**THE INPUT:**
>>
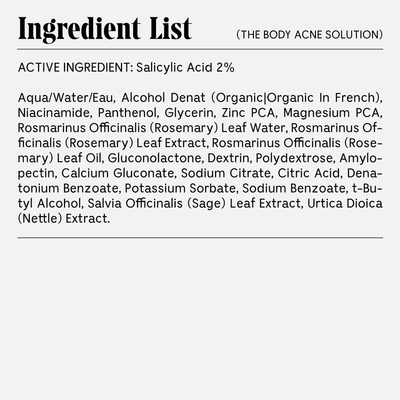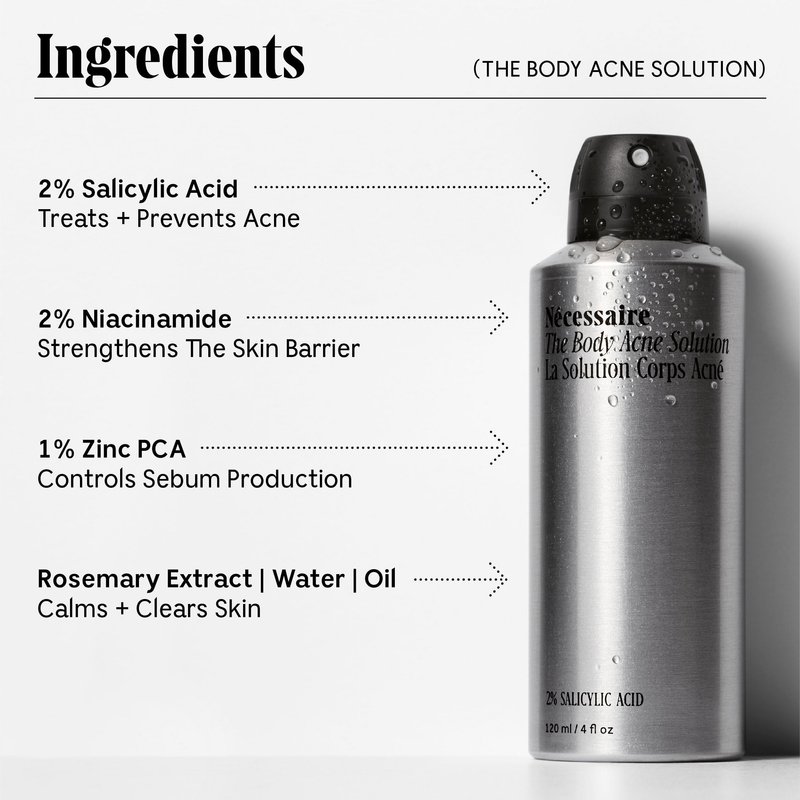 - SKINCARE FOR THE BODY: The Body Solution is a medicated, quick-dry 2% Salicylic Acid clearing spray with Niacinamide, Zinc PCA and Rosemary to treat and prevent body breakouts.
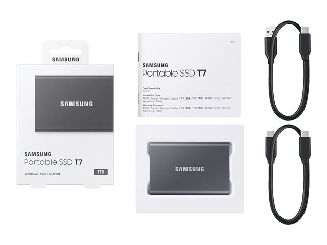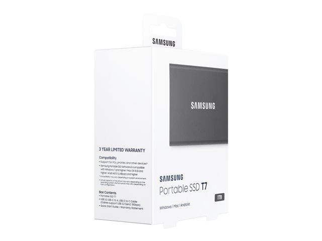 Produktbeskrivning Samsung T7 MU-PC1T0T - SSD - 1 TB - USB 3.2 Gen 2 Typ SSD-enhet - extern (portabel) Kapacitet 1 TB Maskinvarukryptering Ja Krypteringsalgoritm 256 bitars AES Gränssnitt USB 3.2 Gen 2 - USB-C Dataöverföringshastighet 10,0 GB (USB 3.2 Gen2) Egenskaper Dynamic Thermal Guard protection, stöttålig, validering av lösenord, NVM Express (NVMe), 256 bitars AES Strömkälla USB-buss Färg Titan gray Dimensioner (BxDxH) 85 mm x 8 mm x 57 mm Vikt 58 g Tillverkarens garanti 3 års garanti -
<<
>>
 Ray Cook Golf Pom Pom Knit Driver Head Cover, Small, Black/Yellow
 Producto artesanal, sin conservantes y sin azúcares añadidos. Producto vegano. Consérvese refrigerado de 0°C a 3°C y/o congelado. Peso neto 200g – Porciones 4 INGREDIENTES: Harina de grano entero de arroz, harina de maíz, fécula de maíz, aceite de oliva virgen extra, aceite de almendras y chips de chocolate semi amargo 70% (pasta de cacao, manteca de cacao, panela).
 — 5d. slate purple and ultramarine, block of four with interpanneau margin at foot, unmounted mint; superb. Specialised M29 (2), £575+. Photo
<<
>>
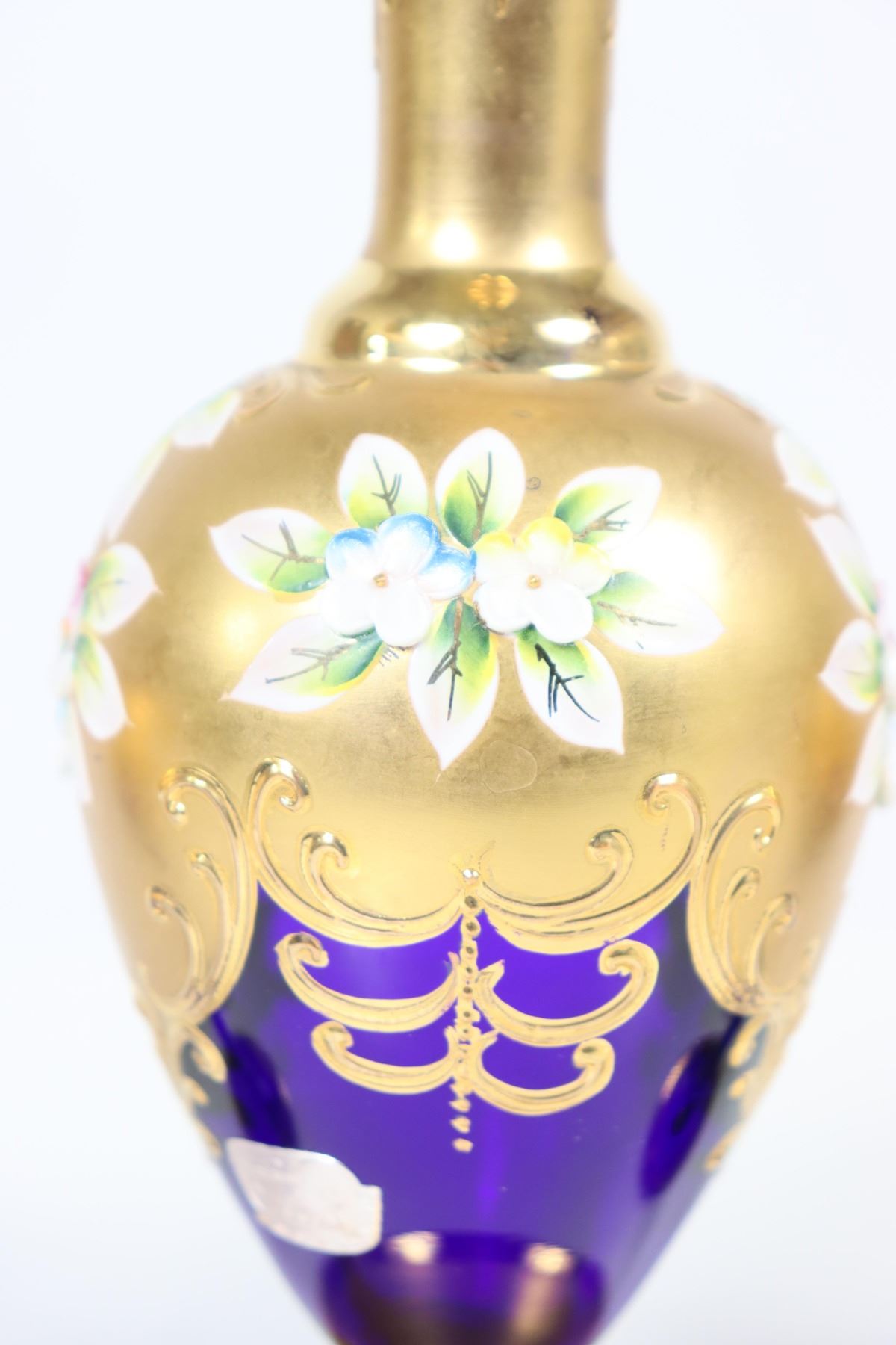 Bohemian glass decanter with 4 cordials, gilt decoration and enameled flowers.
<<
**WHAT YOU WILL DO:** Only the lines above from the line with "Producto artesanal, sin" to the line with "(2), £575+. Photo", those two lines included, should be reproduced exactly.

**COMPLETED TASK:**
 Producto artesanal, sin conservantes y sin azúcares añadidos. Producto vegano. Consérvese refrigerado de 0°C a 3°C y/o congelado. Peso neto 200g – Porciones 4 INGREDIENTES: Harina de grano entero de arroz, harina de maíz, fécula de maíz, aceite de oliva virgen extra, aceite de almendras y chips de chocolate semi amargo 70% (pasta de cacao, manteca de cacao, panela).
 — 5d. slate purple and ultramarine, block of four with interpanneau margin at foot, unmounted mint; superb. Specialised M29 (2), £575+. Photo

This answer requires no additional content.